Мною овладевает непонятное возбуждение, оно наполняет меня тревогой, я заглядываюсь на притихшие окна. Сад полон цветов, широкая дорога пустынна, домик стоит, словно ничего и не случилось. Лишь новая черепица напоминает о недавних событиях. Я останавливаюсь и гляжу. Обычно кто-нибудь присоединяется ко мне и пялится вместе со мной, а когда собирается толпа, я испаряюсь.

Но вскоре нам принесли телеграмму, и я забываю обо всем.

Телеграмма — это всегда испуг и горе: чтобы сообщить радостную весть, никто не станет тратиться. Я умею читать, но смысл многих слов до меня не доходит. А слова без надстрочных знаков — галочек и черточек — забавляют меня.

«Состояние безнадежное стоп мальчик сильно скучает по дому стоп», — читаю я снова и снова.

— Сбегай за папой. Скажи вахтеру у ворот, чтоб его позвали, — велит мама. Глаза у мамы сухие, отрешенные, но взгляд вызывающий. Она как будто заранее идет в наступление. — Пусть отец немедленно едет за Павликом!

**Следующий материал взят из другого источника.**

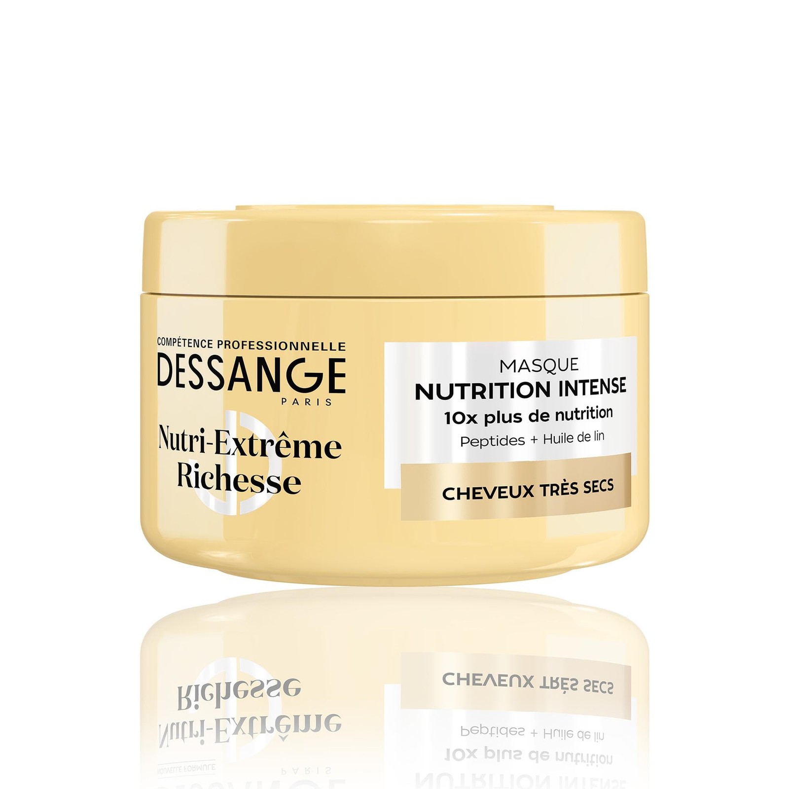 DESSANGE - Masque Cheveux Nutrition Intense Nutri-Extrême Richesse - Formule Enrichie En Peptides & Huile De Lin - Douceur & Éclat - Cheveux Très Secs - 280ml

И лишь сейчас до меня доходит, что происходит что-то очень важное. Я мечтаю встретить Штепку. Или еще кого-нибудь, кто бы согласился пойти со мной. Дело в том, что я боюсь перебираться по поросячьим мосткам. Рядом с мостками прибито уведомление о том, что переход разрешен вплоть до особого распоряжения. И я не знаю, не могу даже себе представить, что стану делать там, наверху, если вдруг переход неожиданно запретят, ведь внизу движутся вагоны со скотом.

Я ужасно стесняюсь вахтера, который написал столько прекрасных стихов. Мне и в голову не приходит, что рабочие прозвали его «Петр Безруч», потому что во время войны он потерял руку. Наоборот, я твердо убеждена, что папа полюбил эти стихи именно потому, что так хорошо знаком с самим поэтом.

Без особых приключений я преодолела мостик и робко остановилась у проходной. Меня немного успокоила туя — так хорошо знакомое с самого раннего детства дерево, привядшими приторными ягодками которого кормил меня Пепик. Туя сейчас прошептала мне на ухо несколько ободряющих слов.

— Пан Безруч, — вежливо обращаюсь я к вахтеру, — не могли бы вы позвать моего папу?

— А как его зовут?

Я называю фамилию, и вахтер, ткнув куда-то своей единственной рукой, говорит:

— Ступай-ка сама, пятое депо, да смотри поаккуратней! Не споткнись!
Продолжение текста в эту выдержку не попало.